- TASK DETAILS -
Repeat exactly, and nothing more, the lines from the one that includes "地址:常州市新北區友邦商務大廈1幢16、17層  電話:0519-85101652  傳真:0519-85112595" through the final line of the entries; skip the pictures.

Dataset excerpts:

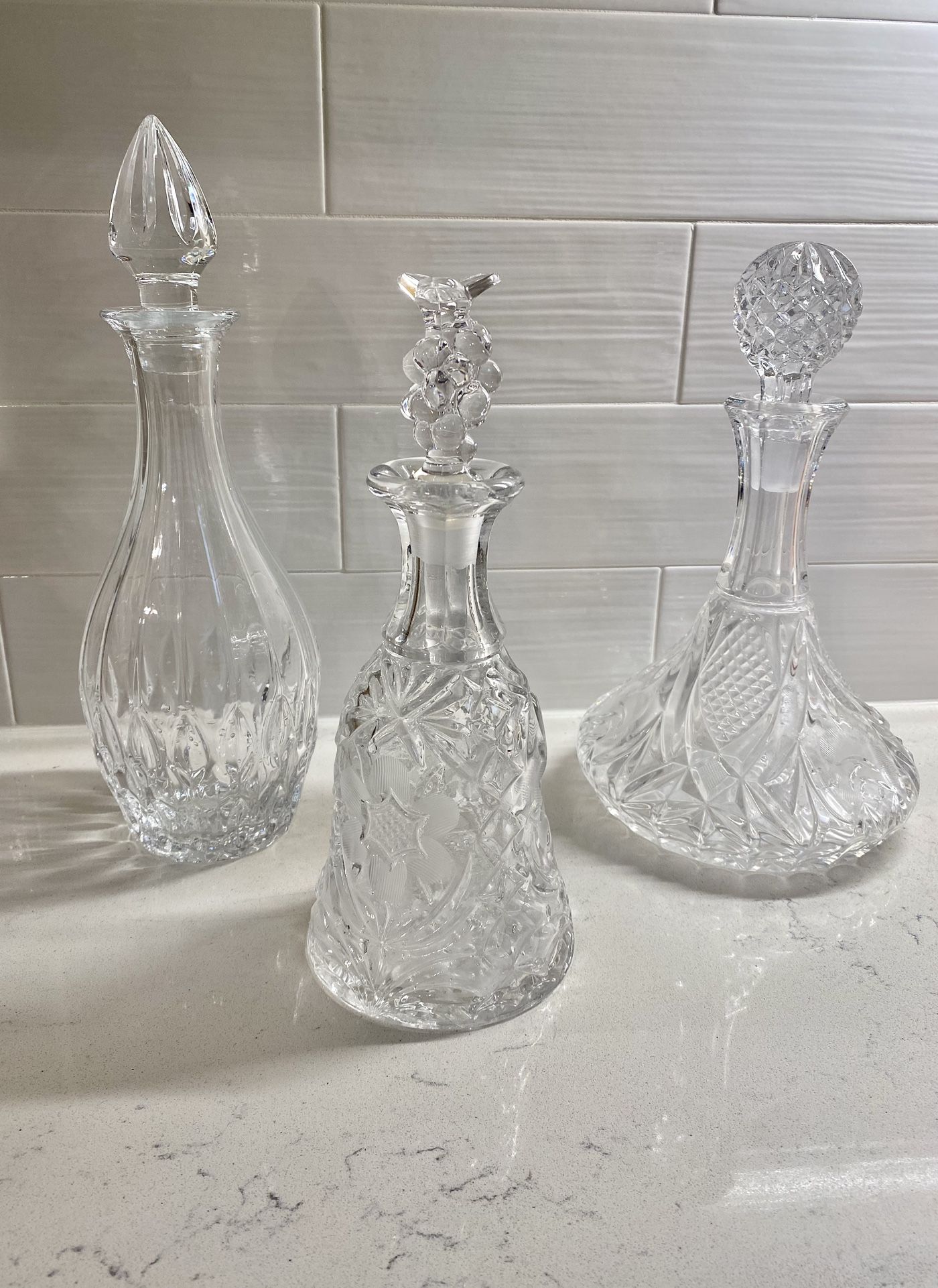 Vintage Decanter Set Of Three Crystal Hand Cut
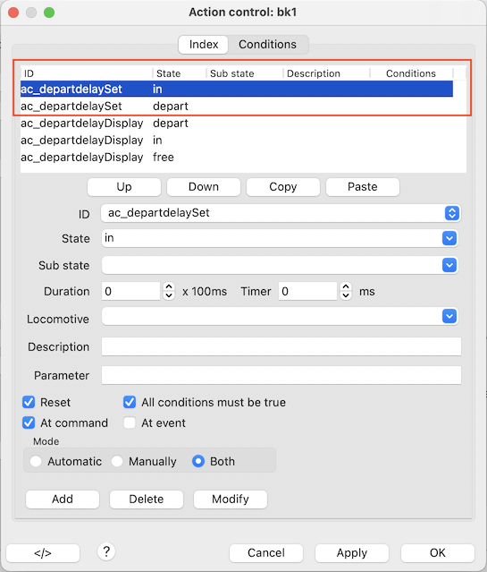 Om het compleet te maken wordt het XML-script alleen uitgevoerd voor die locomotieven die tot de klasse "DELAY" behoren.
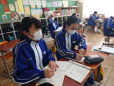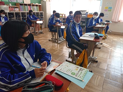 2年生は英語で「英語のしくみ」というページを使って、既習事項の確認を行っていました。
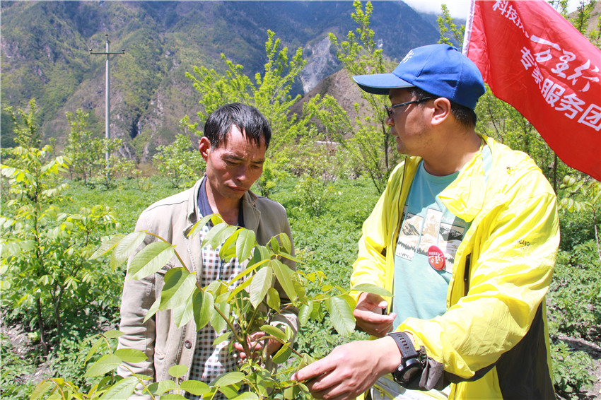 田疇織錦繡,沃野好風(fēng)光。4月22日,康定市金湯鎮(zhèn)先鋒二村核桃種植基地里熱鬧非凡,來自四川農(nóng)業(yè)大學(xué)、省林科院的專家組正在給當(dāng)?shù)厝罕娺M(jìn)行農(nóng)業(yè)技術(shù)培訓(xùn)。新品種栽培模式、新優(yōu)品種介紹、土肥水管理和病蟲害防治……一項(xiàng)項(xiàng)種植戶所需的實(shí)用技術(shù)在田間地頭進(jìn)行面對面手把手的指導(dǎo)和交流。
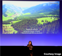 В великолепном исполнении нашей соотечественницы Гулбарчын Акбековой была исполнена песня на английском языке под сопровождение живописного видеоролика о величии гор Кыргызстана и голубом Иссык-Куле.
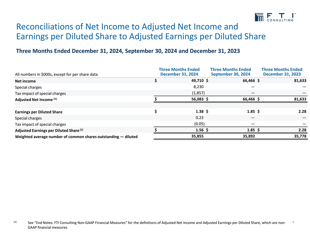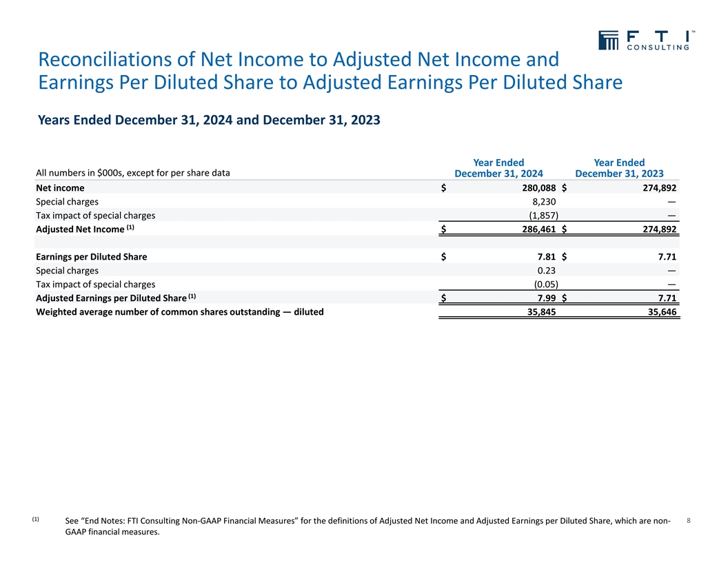 Reconciliations of Net Income to Adjusted Net Income and Earnings per Diluted Share to Adjusted Earnings per Diluted Share Three Months Ended December 31, 2024, September 30, 2024 and December 31, 2023 Three Months Ended Three Months Ended Three Months Ended All numbers in $000s, except for per share data December 31, 2024 September 30, 2024 December 31, 2023 $ 49,710 $ 66,466 $ 81,633 Net income 8,230 — — Special charges (1,857) — — Tax impact of special charges (1) $ 56,083 $ 66,466 $ 81,633 Adjusted Net Income $ 1.38 $ 1.85 $ 2.28 Earnings per Diluted Share 0.23 — — Special charges (0.05) — — Tax impact of special charges (1) $ 1.56 $ 1.85 $ 2.28 Adjusted Earnings per Diluted Share 35,855 35,892 35,778 Weighted average number of common shares outstanding — diluted (1) 7 See “End Notes: FTI Consulting Non-GAAP Financial Measures” for the definitions of Adjusted Net Income and Adjusted Earnings per Diluted Share, which are non- GAAP financial measures.
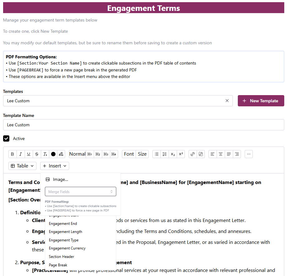 - Terms Section - A new [Section: Your Section Name] placeholder can be added to Engagements which will create subsections in the Engagement PDF.
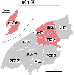 新潟市の中央、東、江南の各区と佐渡市で構成する衆院新・新潟1区新潟市中央区、新潟市東区、新潟市江南区、佐渡市には、旧1区に出馬した立憲民主党の現職西村智奈美氏(57)=旧1区=、自民党の現職塚田一郎氏(60)=比例北陸信越=、日本維新の会の元職石崎徹氏(40)の3氏が再び相まみえる。共産党の新人中村岳夫氏(49)も名乗りを上げ、混戦模様だ。野党の3氏が自民派閥の裏金事件を受けて政治の刷新を訴え、無党派層の票の争奪戦が展開されている。...
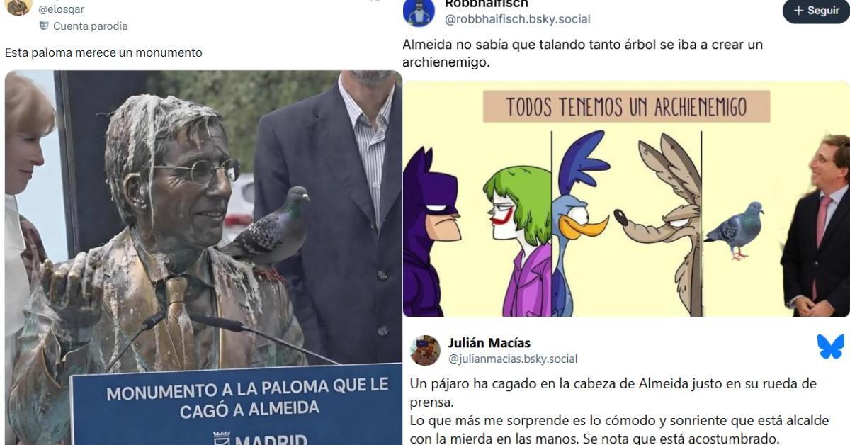 "Una paloma, símbolo de la paz, defecando encima de un pepero", las redes se ríen de la 'cagada' de Almeida
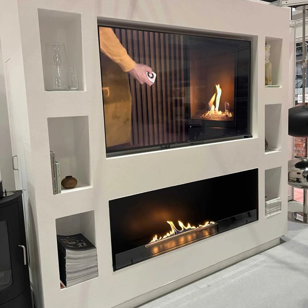 Ce modèle est un choix populaire pour une installation sous un téléviseur. Si vous installez le modèle sous un téléviseur, nous vous recommandons de consulter notre guide d’installation d’un téléviseur au-dessus de la cheminée bioéthanol pour garantir une installation sécurisée et optimale.
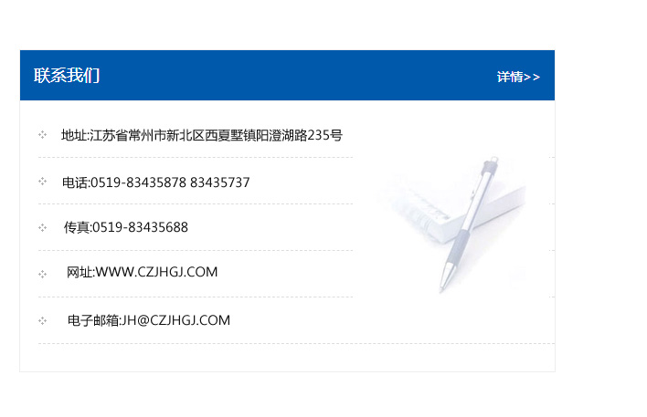 地址:常州市新北區友邦商務大廈1幢16、17層  電話:0519-85101652  傳真:0519-85112595  郵編:213022  網址:www_cz-jiayue_cn.yzsuoao.com  郵箱:xiajifengaa@163.com
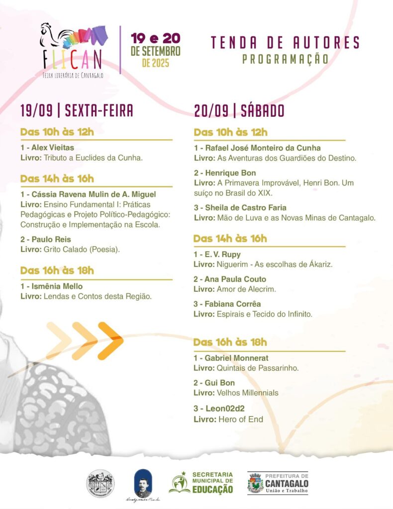 A Feira Literária de Cantagalo, a FLICAN, que em 2025 tem como autora homenageada a poeta Cora Coralina, teve início neste 19 de setembro com muitas atividades das escolas, apresentações, envolvimento do comércio e lançamentos de livros.
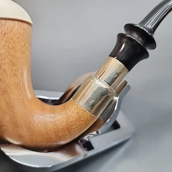 We meticulously carve our calabash pipe bowls from the highest-grade block meerschaum. This choice enhances the smoking experience by enabling tobacco to burn at lower temperatures. Block meerschaum is exceptionally lightweight and offers excellent resistance to excessive heat. It also exhibits superior coloring behavior, unlike pressed meerschaum, which doesn’t develop those appealing hues.

- ANSWER TO THIS EXERCISE -
 地址:常州市新北區友邦商務大廈1幢16、17層  電話:0519-85101652  傳真:0519-85112595  郵編:213022  網址:www_cz-jiayue_cn.yzsuoao.com  郵箱:xiajifengaa@163.com
 A Feira Literária de Cantagalo, a FLICAN, que em 2025 tem como autora homenageada a poeta Cora Coralina, teve início neste 19 de setembro com muitas atividades das escolas, apresentações, envolvimento do comércio e lançamentos de livros.
 We meticulously carve our calabash pipe bowls from the highest-grade block meerschaum. This choice enhances the smoking experience by enabling tobacco to burn at lower temperatures. Block meerschaum is exceptionally lightweight and offers excellent resistance to excessive heat. It also exhibits superior coloring behavior, unlike pressed meerschaum, which doesn’t develop those appealing hues.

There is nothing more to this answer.